According to the audit, taxpayers' funds were wasted and petty corruption was routinely tolerated or never discovered.It is an unfortunate comment on the House's reputation that the media greeted this scathing assessment, in a Price Waterhouse audit released July 18, with little surprise and minimal comment.

Of course, one reason for the blase response is that the audit looks backward, covering a period in late 1993 and 1994, when the Democrats ran the chamber.

Another reason is that Republicans, who doggedly made the case that the House was systematically corrupt when they were in the minority, have set about overhauling the system of perquisites and patronage that the audit details.

But the audit offers a cautionary lesson to House Republicans and their counterparts in the Senate, who have not yet undertaken many of the reforms under way in the House. The lesson concerns the tendency for the party in power to do business in a way that leads to the misuse of public funds and the lack of accountability that plagued the House.

The auditors found that one of the institution's biggest failures was its unwillingness to adopt a modern, fully computerized accounting system. Every agency in the executive branch must use an accrual system, which permits detailed tracking of expenses and revenues. In passing the 1956 law to require the executive branch to use the system, Congress exempted itself.

The House never changed its accounting system, because there was no reason to do so. In fact, there were incentives not to change: Members probably liked being able to overspend their office accounts if the need arose - a practice detailed by the audit. They liked the privilege of turning in expense vouchers at their leisure, often without documentation, because it made their lives easier.

Especially damaging was House leaders' tendency to shield members from the consequences of their complacency.

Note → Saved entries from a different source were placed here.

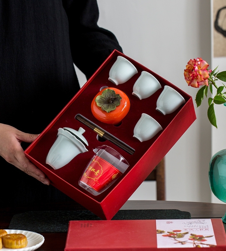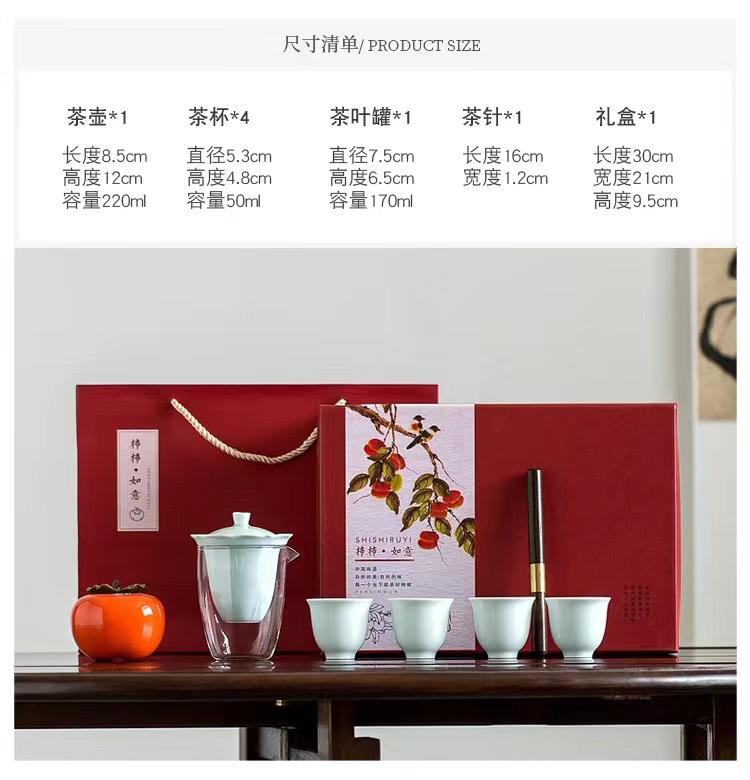 柿柿如意茶具套装(茶壶+茶杯+茶叶罐+茶针+礼盒)
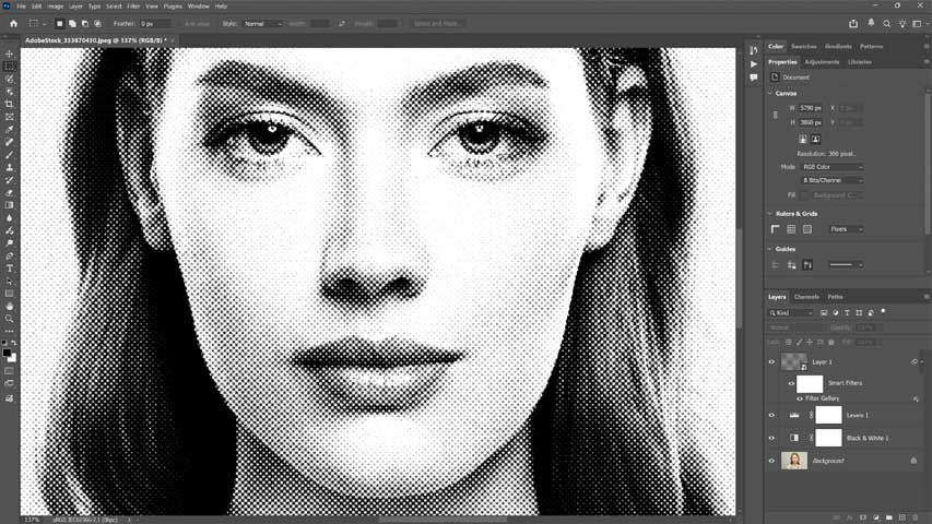 To create our halftone pattern, we need to combine two filters found in Photoshop’s Filter Gallery.
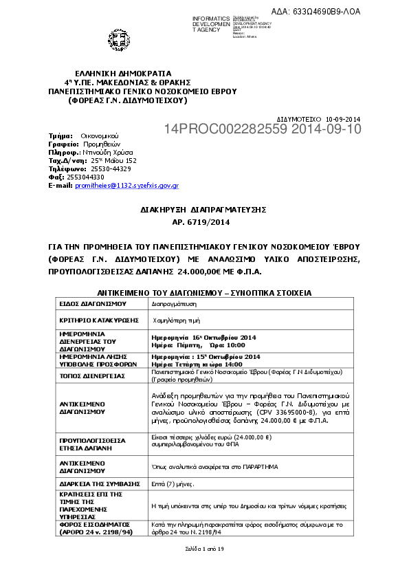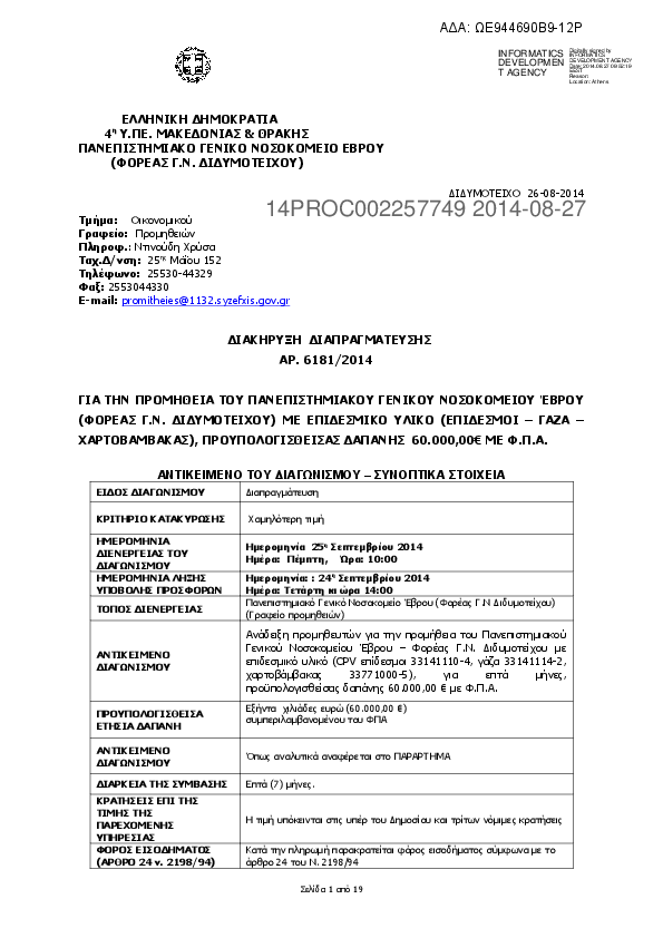 1. ΔΙΑΚΗΡΥΞΗ ΠΡΟΧΕΙΡΟΥ ΔΙΑΓΩΝΙΣΜΟΥ ΤΟΥ Π.Γ.Ν. ΕΒΡΟΥ (Γ.Ν. ΔΙΔ/ΧΟΥ) ΜΕ ΑΝΑΛΩΣΙΜΟ ΥΛΙΚΟ ΑΠΟΣΤΕΙΡΩΣΗΣ

This happened during the 1992 House bank scandal, when the leadership fought to prevent the release of the names of members who had overdrawn their accounts. That mentality was not only politically shortsighted, as events proved, but reflected why the problem existed in the first place. Members had grown comfortable in a system that could not withstand public scrutiny.

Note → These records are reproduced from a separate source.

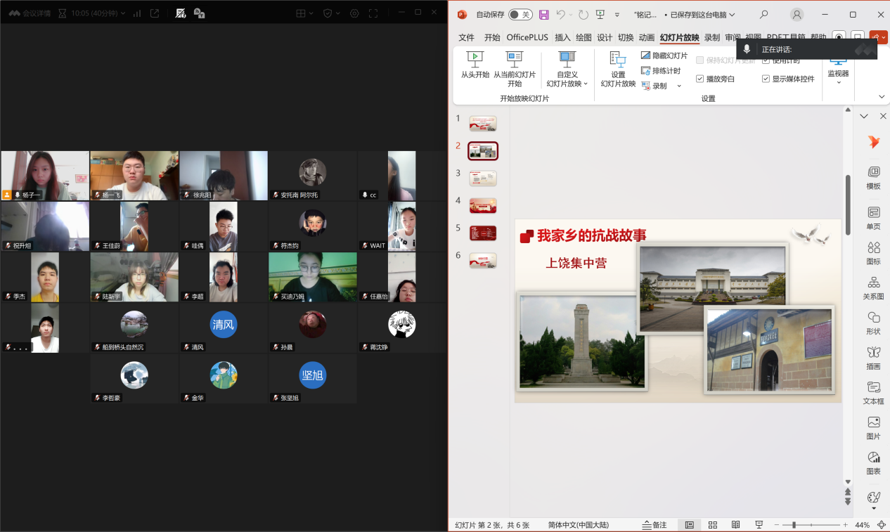 会上,各班辅导员还组织学生观看九三阅兵,《八佰》《血战台儿庄》等抗战题材影片。开展“我家乡的抗战故事”线上征集活动、红廉故事分享等,组织同学线上云参观“中国人民抗日战争纪念馆网上展馆、等线上虚拟展厅”,进一步深化家国情怀,传承抗战精神,同时也激励了同学们技能强国的决心。
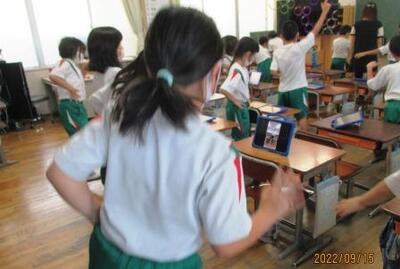 別の2年生の教室では、タブレットの動画を見ながらダンシング。
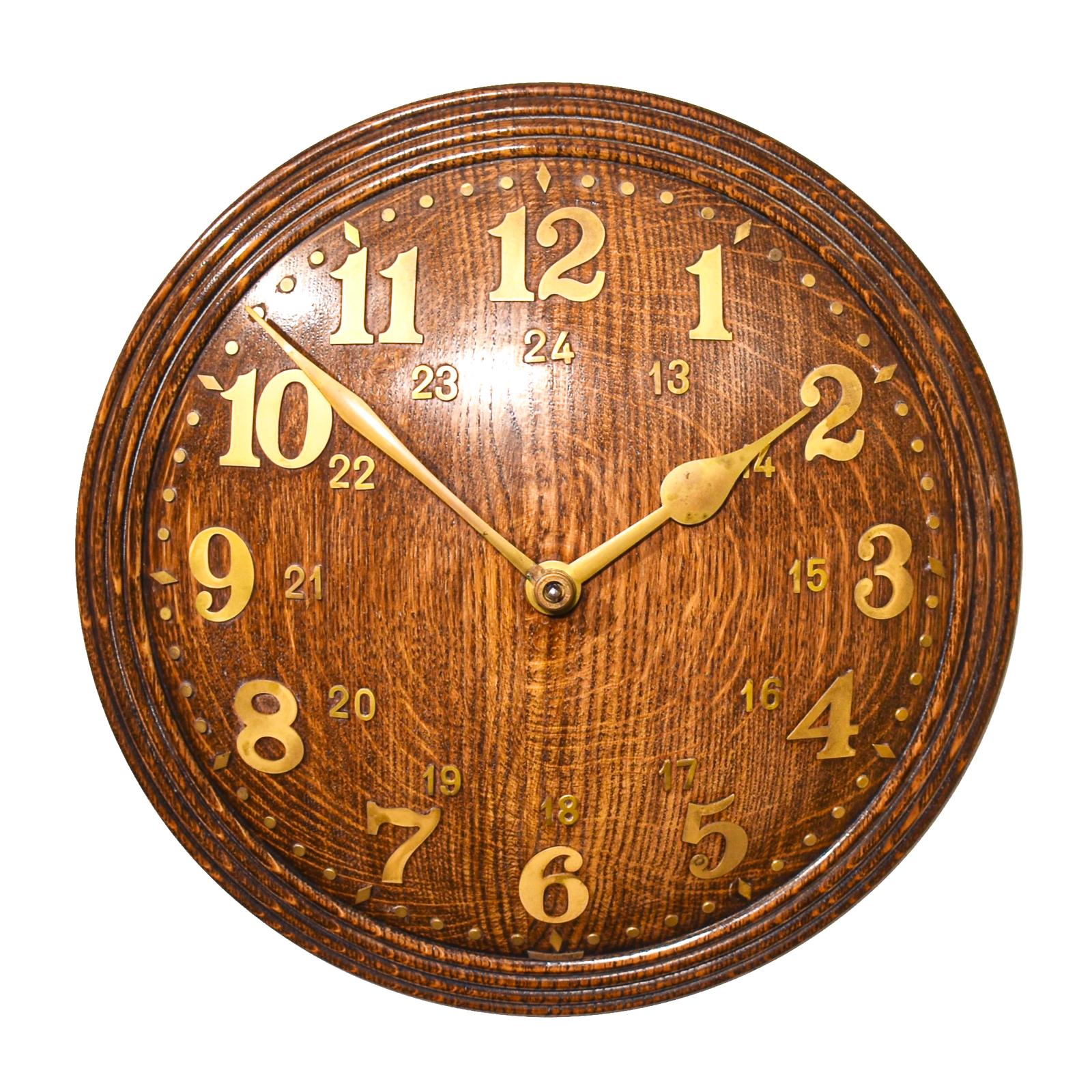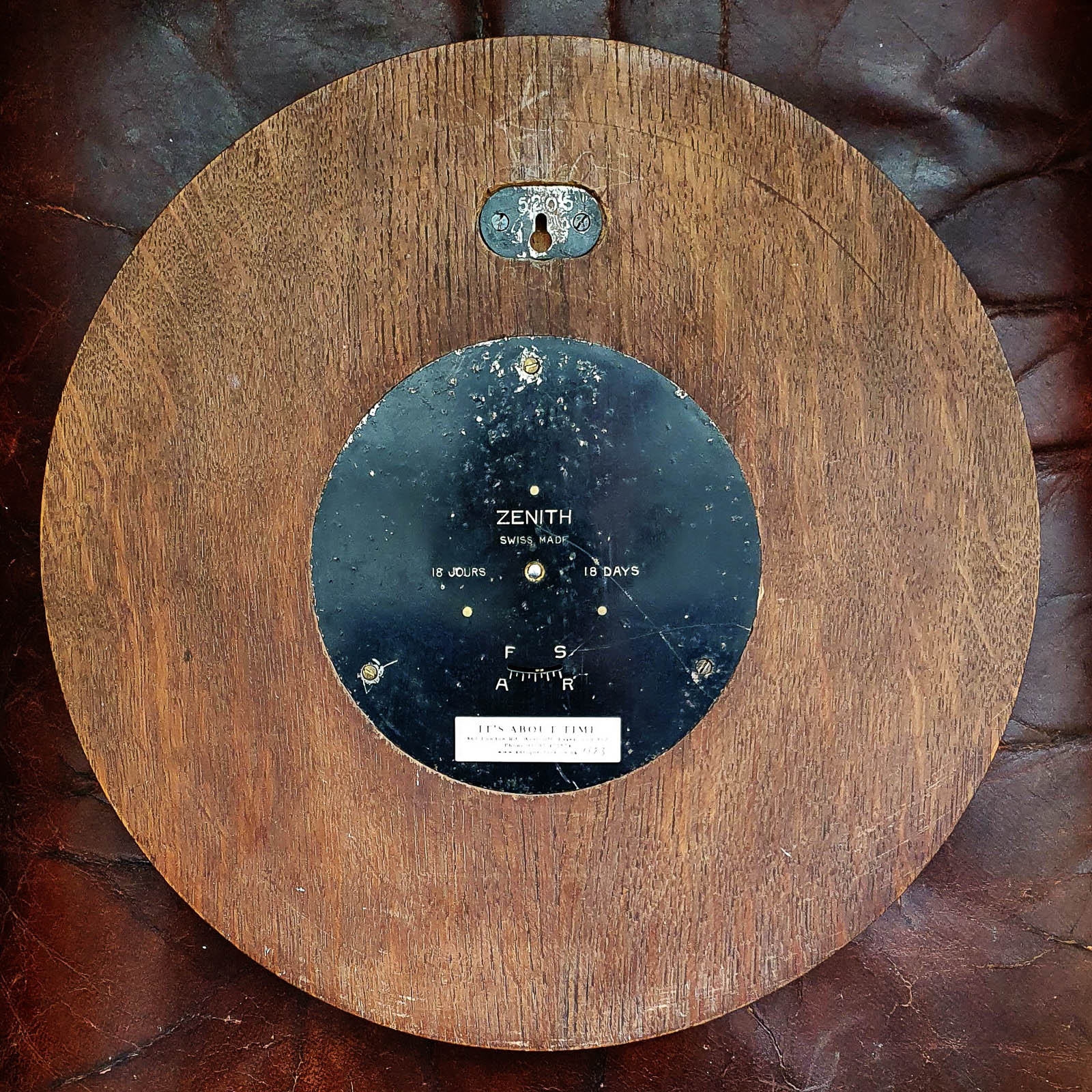 A twist on the traditional dial clock. This timepiece was made by Zenith and features a superb quality Swiss,18 day movement with a center winding position and very domed solid Oak dial. It’s worth noting that this one is in absolutely excellent condition and has a good colour. This example in Oak and roughly 12 size has the addition of a smaller 24hr dial with the 12 hr chapter ring. Heals retailed this clock from the 1930’s to 1960’s and has become quite collectable in recent years. With gilt brass numerals and hands.
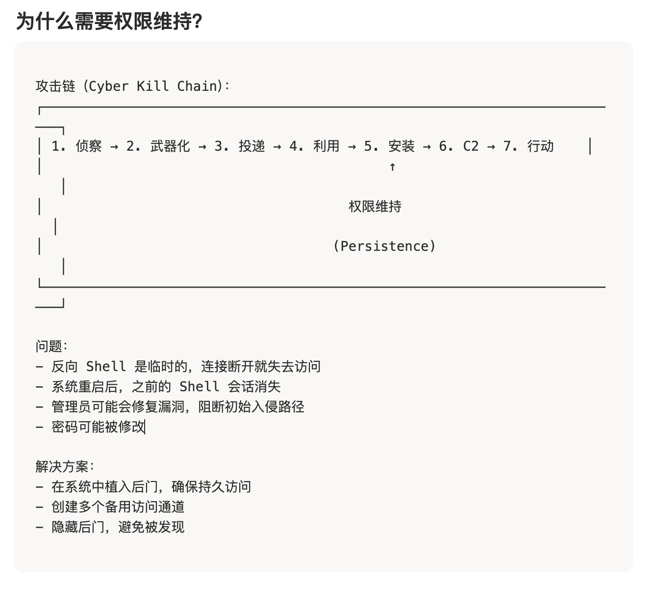 在动手实验之前,你需要先理解权限维持的核心概念和技术分类。学完本部分后,你应该能够:

None of this history may seem immediately relevant to the House GOP. Republicans stress that they are moving to clean up the House.

Human nature being what it is, however, the pressures to run the House for the comfort and convenience of the members will not go away just because the GOP is in charge.

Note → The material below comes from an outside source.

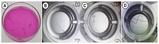 Adult worm motility assay showing worms treated with CS-PLGA particles encapsulating combined EO components. (A) H. contortus worms exposed to 10 µg/mL. 4x magnification. (B–D) T. axei worms exposed to 10, 5, and 2.5 µg/mL, respectively. 40x magnification.
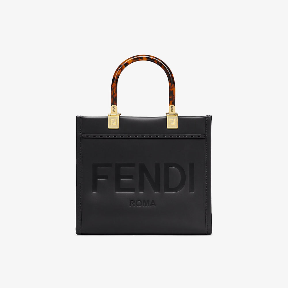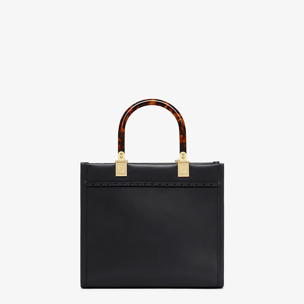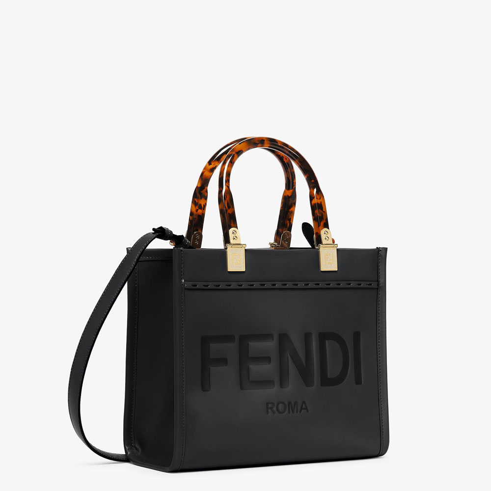 Small Sunshine Shopper bag made of black leather with hot-stamped FENDI ROMA lettering and stiff tortoiseshell plexiglass handles.

Rep. Ron Packard, R-Calif., the chairman of the Appropriations Legislative Branch Subcommittee, noted in June that many members are "ambivalent" about his moves to scale back services and perquisites.

There is nothing wrong with members' receiving services. They are busy and important people whose time is valuable. The problem arises when voters perceive that lawmakers are abusing the system and not being honest.

When such situations arise, House GOP leaders will face the same choice that their Democratic counterparts did - protect their members or disclose and fix the problem.

It took 40 years for the House system to reach the breaking point. But if GOP leaders choose the same route as the Democrats, they risk suffering the same rebuke at voters' hands.